Excel-MCP-Server Path Traversal: Critical Flaw Exposes File System

The National Vulnerability Database has identified a critical path traversal vulnerability, CVE-2026-40576, in the excel-mcp-server, a tool designed for Excel file manipulation. Versions up to and including 0.1.7 are affected. When configured for remote access via SSE or Streamable-HTTP, an unauthenticated attacker can exploit this flaw to read, write, or overwrite arbitrary files on the host system. The vulnerability stems from flaws in the get_excel_path() function, which fails to properly validate absolute paths and incorrectly joins relative paths, bypassing intended directory restrictions set by the EXCEL_FILES_PATH environment variable. The default configuration, binding to all interfaces (0.0.0.0) and lacking authentication, makes exploitation trivial for network-based attackers.

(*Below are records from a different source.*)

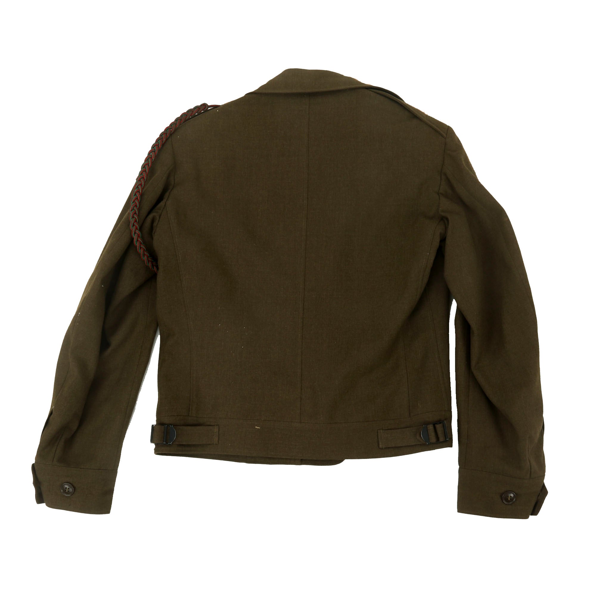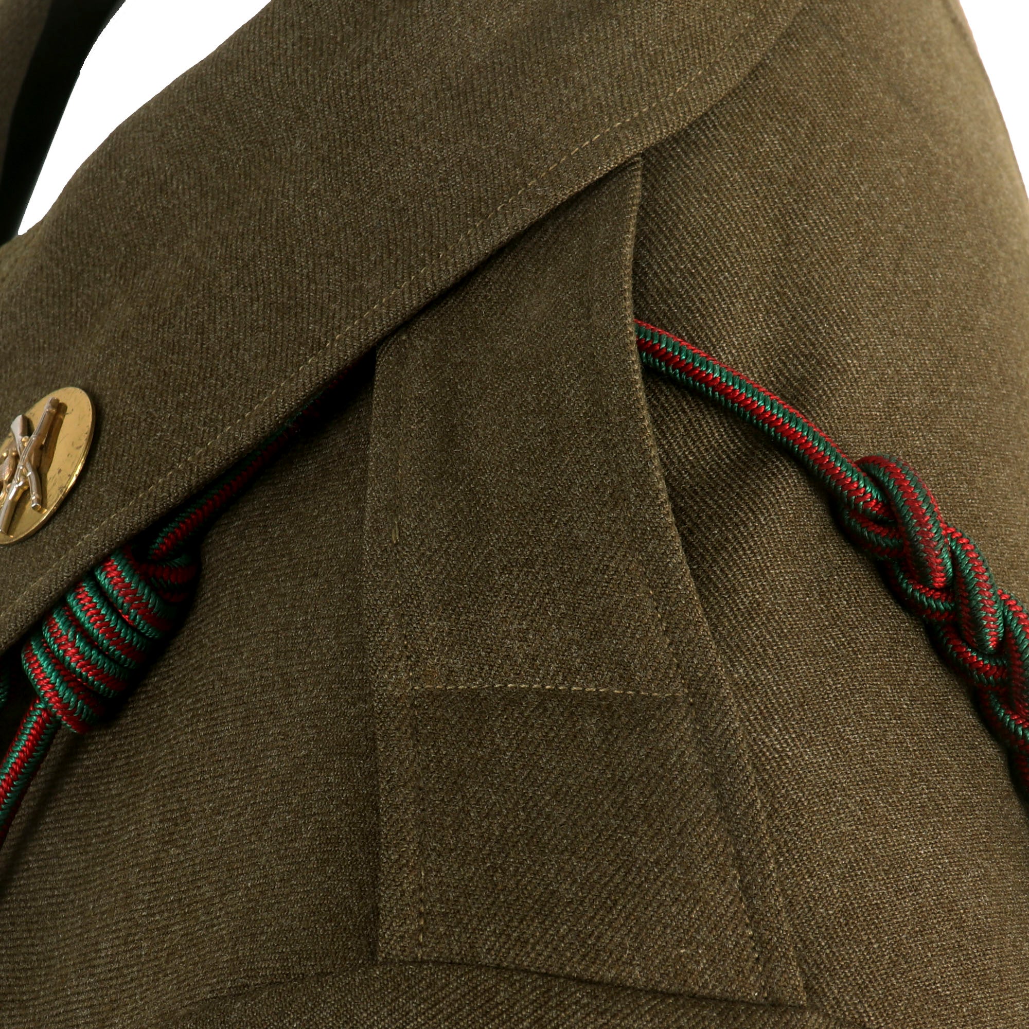 - The "Belgian Fourragère 1940"- composed of one round smooth cord, partially braided, and of TWO other cords, of which one is terminated by a knot and a brass ferret - it is made of wool and cotton for NCOs and EM, and of silk for Officers - all threads are tinted in colors resembling the ribbon of the Belgian Croix de Guerre 1940 (i.e. basic red, dotted with green threads) - the Fourragère encircles the LEFT shoulder and passes under the armpit, and is fixed by 2 tiny loops onto the button of the shoulder loop.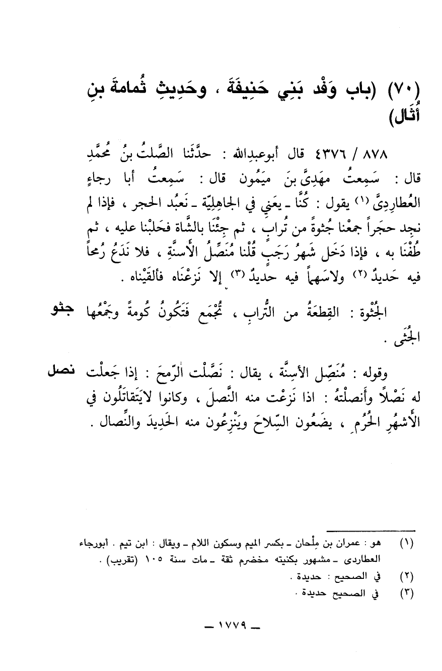 878/ 4376 - قال أبو عبدالله: حَدَّثَنَا الصَّلْتُ بْنُ مُحَمَّدٍ قَالَ: سَمِعْتُ مَهْدِىَّ بْنَ مَيْمُونٍ قَالَ: سَمِعْتُ أَبَا رَجَاءٍ الْعُطَارِدِىَّ يَقُولُ: كُنَّا -يعني في الجاهلية- نَعْبُدُ الْحَجَرَ، فَإِذَا لم نجد حَجَراً هُوَ أَخْيَرُ مِنْهُ أَلْقَيْنَاهُ وَأَخَذْنَا الآخَرَ، فَإِذَا لَمْ نَجِدْ حَجَراً جَمَعْنَا جُثْوَةً مِنْ تُرَابٍ، ثُمَّ جِئْنَا بِالشَّاةِ فَحَلَبْنَاهُ عَلَيْهِ، ثُمَّ طُفْنَا بِهِ، فَإِذَا دَخَلَ شَهْرُ رَجَبٍ قُلْنَا مُنَصِّلُ الأَسِنَّةِ. فَلاَ نَدَعُ رُمْحاً فِيهِ حَدِيدٌ وَلاَ سَهْماً فِيهِ حَدِيدٌ إِلاَّ نَزَعْنَاهُ فَأَلْقَيْنَاهُ.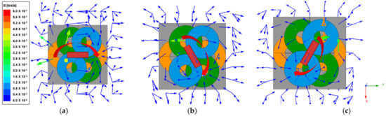 Simulation result of magnetic field vector direction and RX coil position according to TX coil on/off. (a) Magnetic field direction when TX coil 1 is on; (b) Magnetic field direction when TX coil 2 is on; (c) Magnetic field direction when TX coil 3 is on.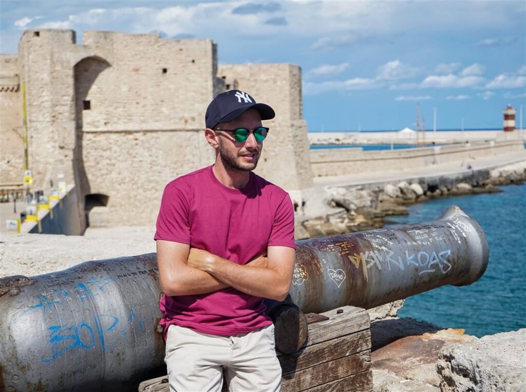 The last stop on this 8-day itinerary in Apulia is Ostuni, the white city. The best way to discover it is to get lost in the alleys of the old town, a maze of narrow streets nestled between deep white buildings. Ostuni can be visited in an afternoon and some stops are a must, such as: the Blue Door, considered the symbol of the city, and the Cathedral, built between 1469 and 1495 and characterized by stone architecture that, thanks to the contrast with the intense white of the houses, makes it visible from miles away. Impressive is the large central rose window, considered by some to be the most beautiful in all of Apulia. If you can’t give up the beach, then you have as much as 17 km of coastline at your leisure, separated from the city only by an expanse of centuries-old olive trees. Among the most famous seaside destinations, I recall Torre Guaceto and the nearest Torre Pozzelle.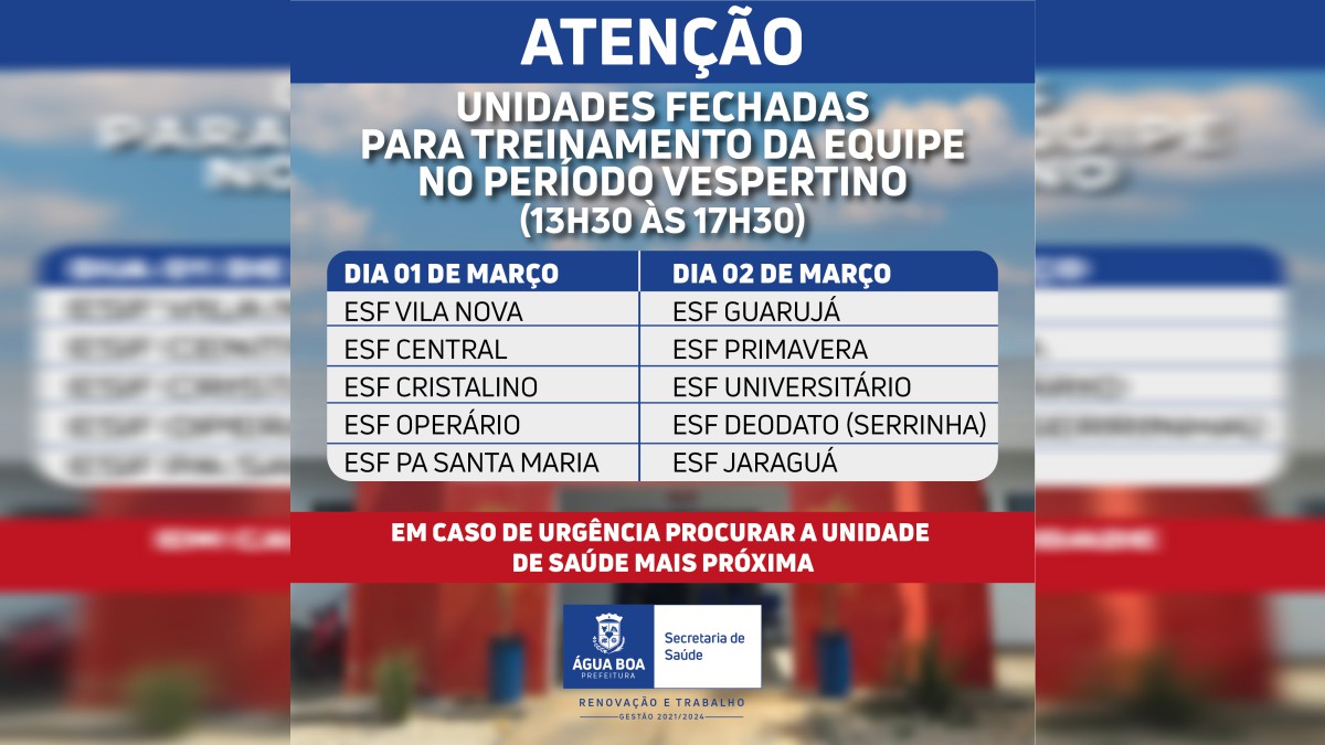 Confira: ESFs fecham para treinamento na quarta (1) e quinta-feira (2) Cristiane Cândido | Ascom Saúde 27 Fevereiro 2023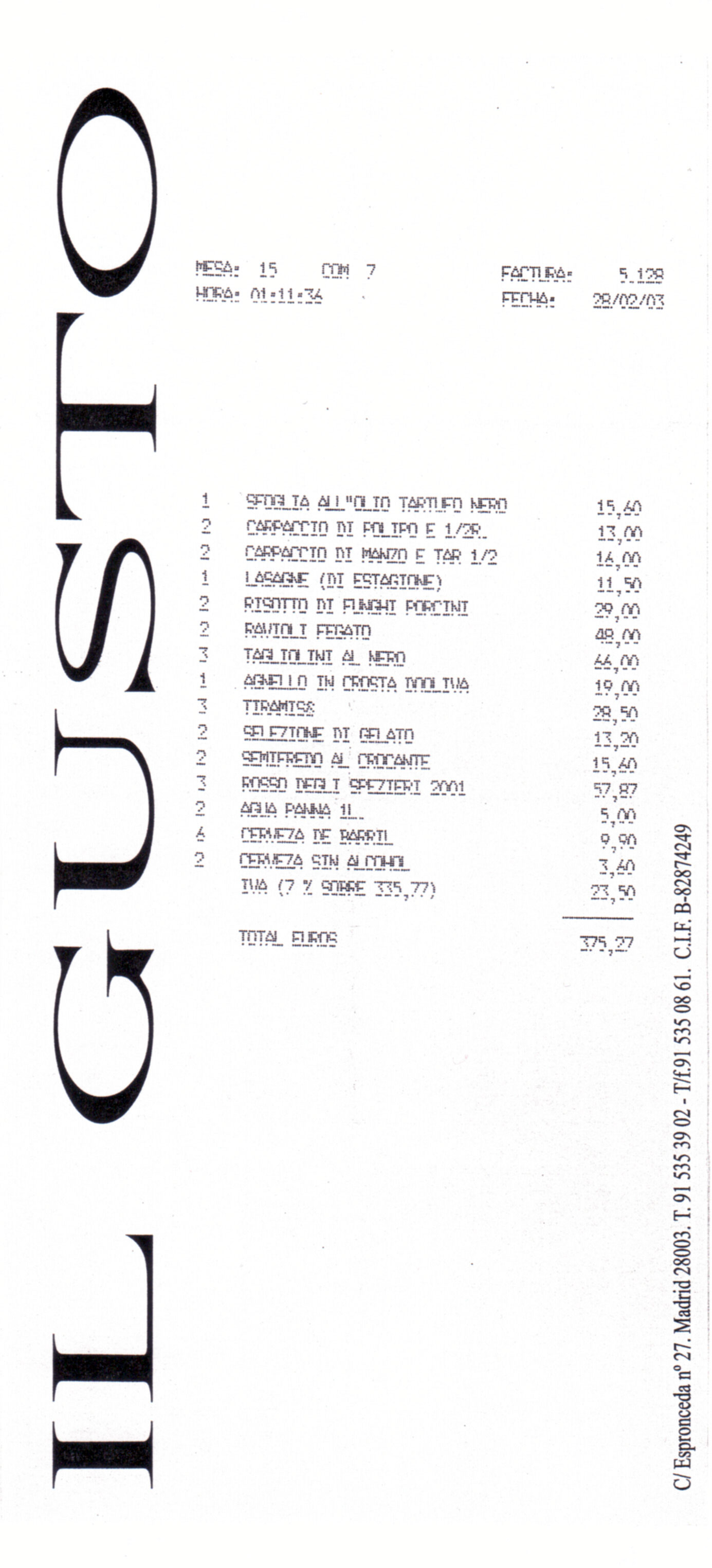 Tiramisú: Se pidieron tres a 10,17 € la unidad.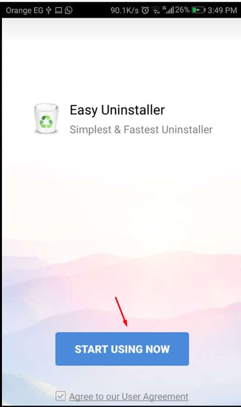 يمكنك عزيزي القارئ حل تلك المشكلة بكل سهولة من خلال خطوات بسيطة كل ما عليك القيام به هو تحميل تطبيق Easy Uninstaller والذي من خلاله ستتمكن من التخلص من أي تطبيق موجود على هاتفك وبالحديث عن كيفية تحميل هذا التطبيق الأمر في غاية السهولة كل ما عليك القيام به هو الضغط هنا وسوف يتم تحويلك إلي داخل متجر جوجل بلاي ومن هناك يمكنك البدء في عملية تحميل التطبيق على هاتفك الاندرويد دون أي مشاكل بعد ذلك ستظهر لك واجهة التطبيق كما هو بتلك الصورة بالضبط بعد ذلك قم بالضغط على Start Using Now .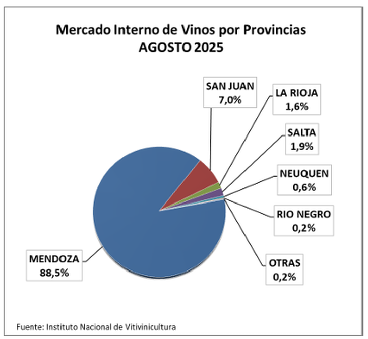 Como es tradicional, la región de Cuyo lidera la producción y comercialización. Mendoza fue el origen del 88,5% del vino despachado al mercado interno en agosto, seguida por San Juan con un 7%.
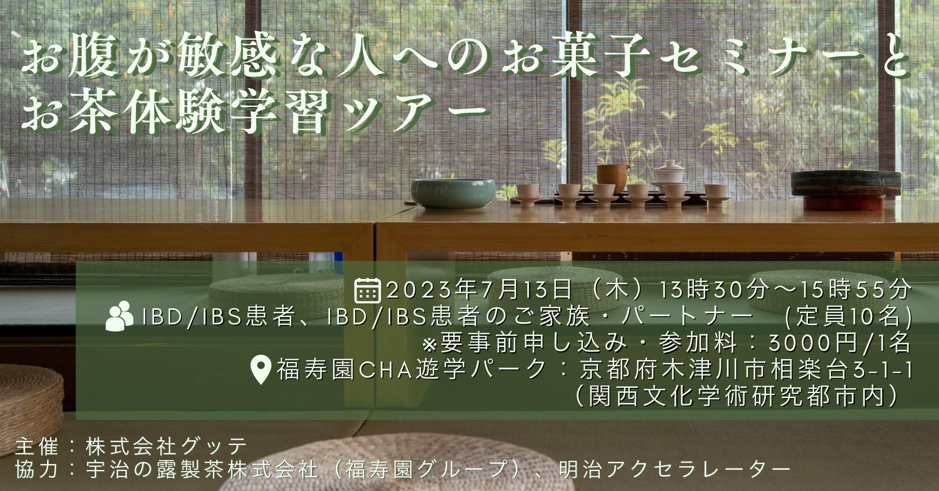 グッテはIBDやIBS患者さんの食に関する課題解決を目的として明治アクセラレーター第2期の中でソリューション開発に取り組んでいます。そのような中で、今回、宇治の露製茶株式会社(福寿園グループ)、明治アクセラレーターの協力の元、IBD、IBS患者さんやご家族らが、お茶に関する体験を通して食の喜びや楽しみを感じ、学びを得ることを目的として「お腹が敏感な人へのお菓子セミナーとお茶体験学習ツアー」を開催することとなりました。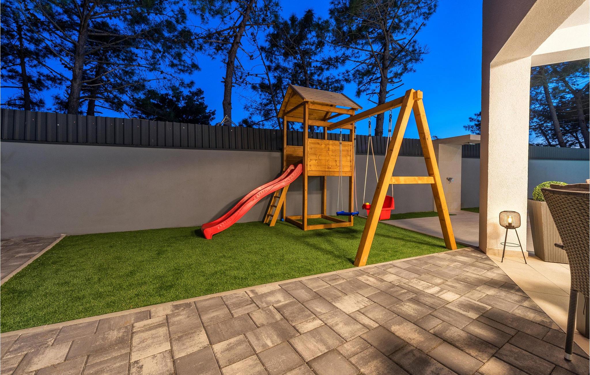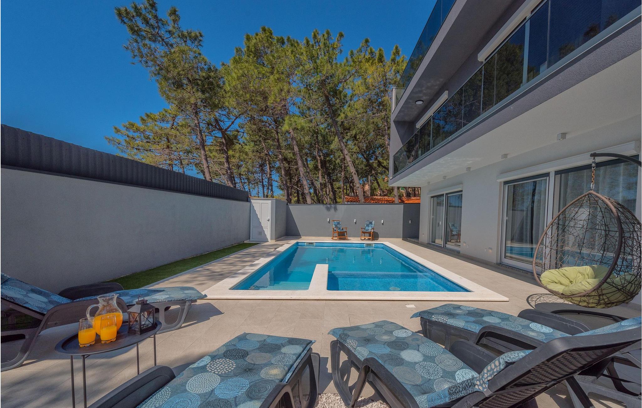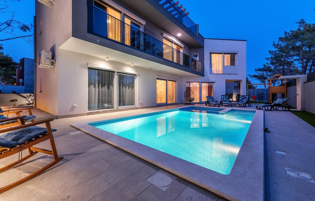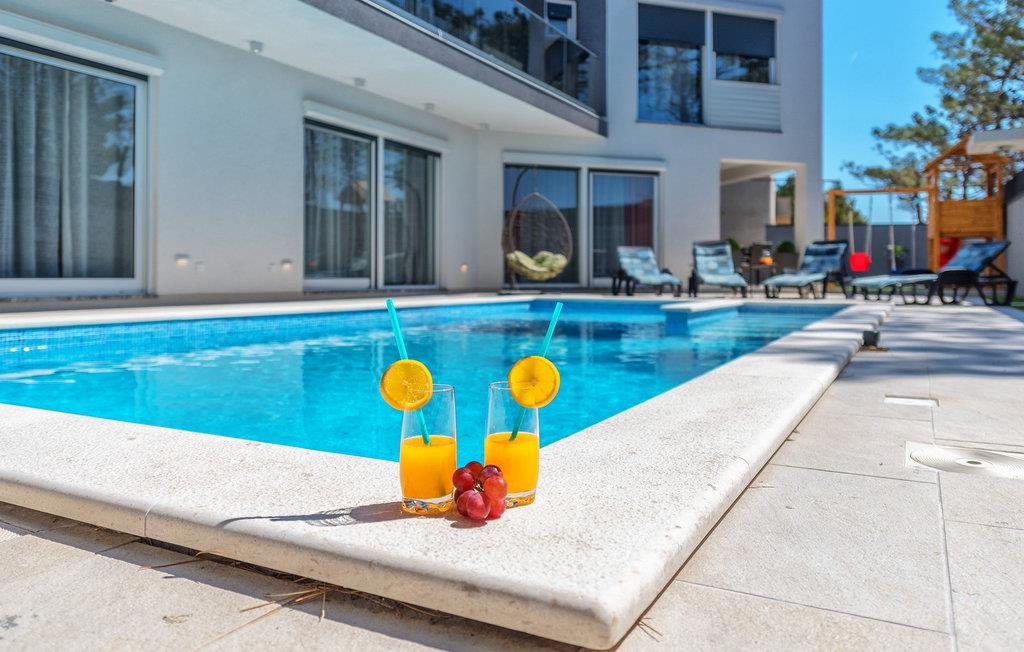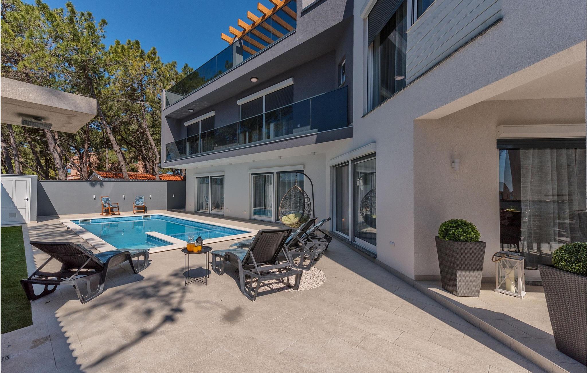 Im Außenbereich der Villa Karlo verschmelzen Entspannung und mediterranes Lebensgefühl zu einem einzigartigen Urlaubserlebnis. Ziehen Sie Ihre Bahnen im eleganten Pool, lassen Sie auf den bequemen Liegen die Sonne auf sich wirken oder genießen Sie erfrischende Drinks im Schatten des modernen Lounge-Bereichs. Auf der großzügigen Terrasse mit Blick auf das Meer erleben Sie unvergessliche Sonnenuntergänge, während Sie gemeinsam essen. Für die jüngsten Gäste sorgt der kleine Spielplatz im Garten für fröhliche Momente, während die Erwachsenen die Ruhe und Privatsphäre dieses stilvollen Rückzugsortes genießen.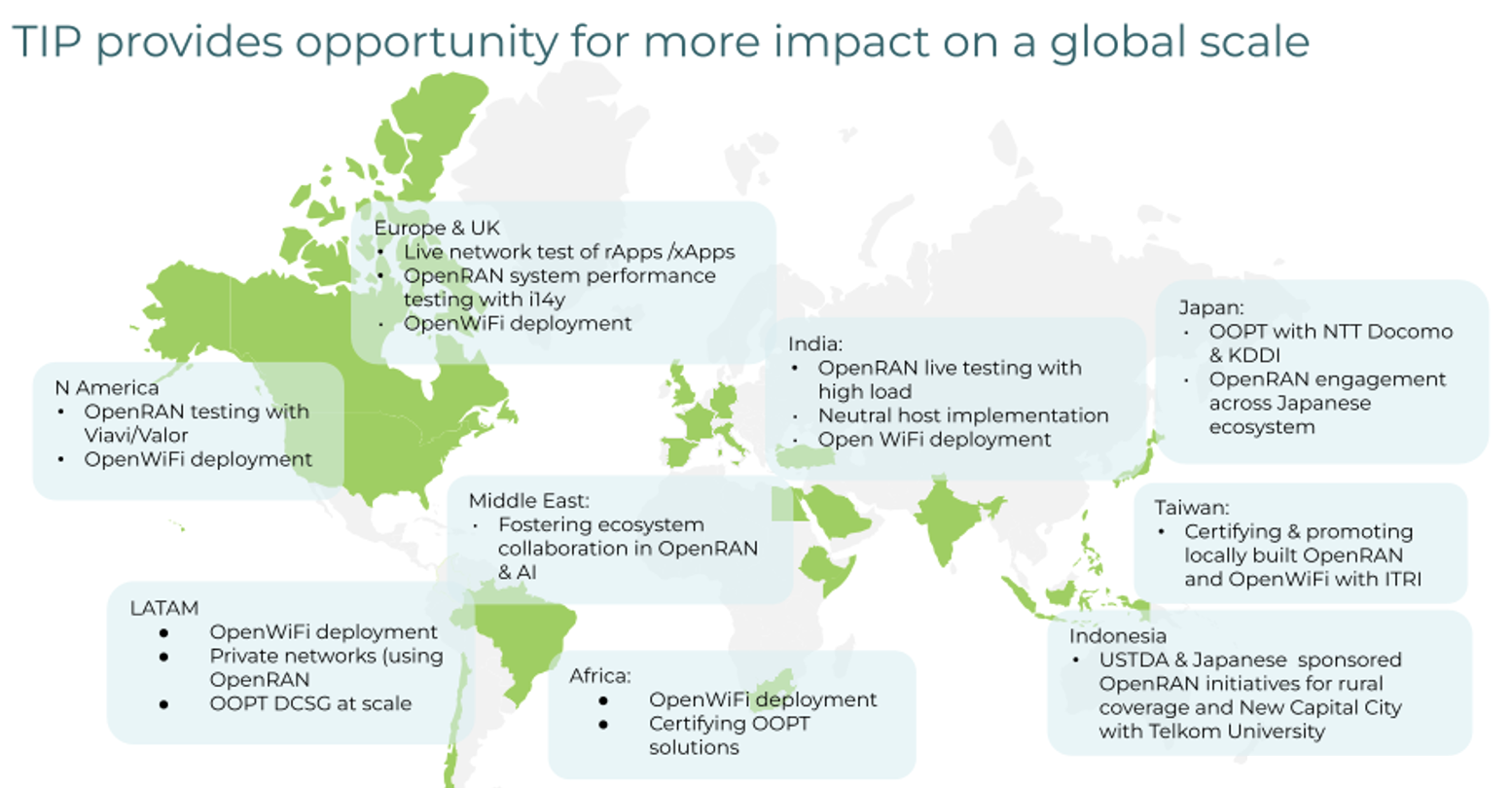 - Indonesia: TIP, in association with Telkom University, continues telco-led interoperability and system integration testing of OpenRAN, OOPT, and OpenWiFi configurations and will soon establish a forward-looking training curriculum with TIP Academy for the telecom operators for OpenRAN testing and certification.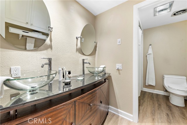 SHORT-TERM FURNISHED RENTAL IN 55+ COMMUNITY OF LAGUNA WOODS. Why commit to buying when you can lease this beautifully updated and remodeled residence in Laguna Woods, which is reserved for homebuyers 55 and better? Conveniently located inside Gate 5, the 2-story design is bright and open with large, tinted windows, airy volume ceilings, a versatile loft, wood-inspired flooring, 2 bedrooms, 2 freshly upgraded baths with vessel sinks, and more. Spanning approx. 1,324 s.f., the stylish residence boasts a custom-caliber kitchen with dark stained wood cabinetry, granite countertops, contemporary tile backsplash, recessed lighting and stainless steel appliances. New split system air-conditioning and newly upgraded bathroom showers. A high-end washer and dryer package adds convenience, and a large and private patio is ideal for enjoying the outdoors. Guard-gated Laguna Woods is home to 27 holes of golf, 7 clubhouses, 5 swimming pools, 2 fitness centers, and more than 250 clubs–all set among park-like grounds with an abundance of open space and mature landscaping.

This vulnerability presents a significant risk as it allows attackers to compromise the integrity and confidentiality of the server’s host system. The ability to write arbitrary files could lead to code execution, while reading sensitive files could expose critical data. Defenders must prioritize patching or upgrading excel-mcp-server instances to version 0.1.8, where this vulnerability is fixed. For systems that cannot be immediately patched, network segmentation and strict firewall rules should be implemented to limit access to the excel-mcp-server’s network interfaces, especially if it is exposed to untrusted networks.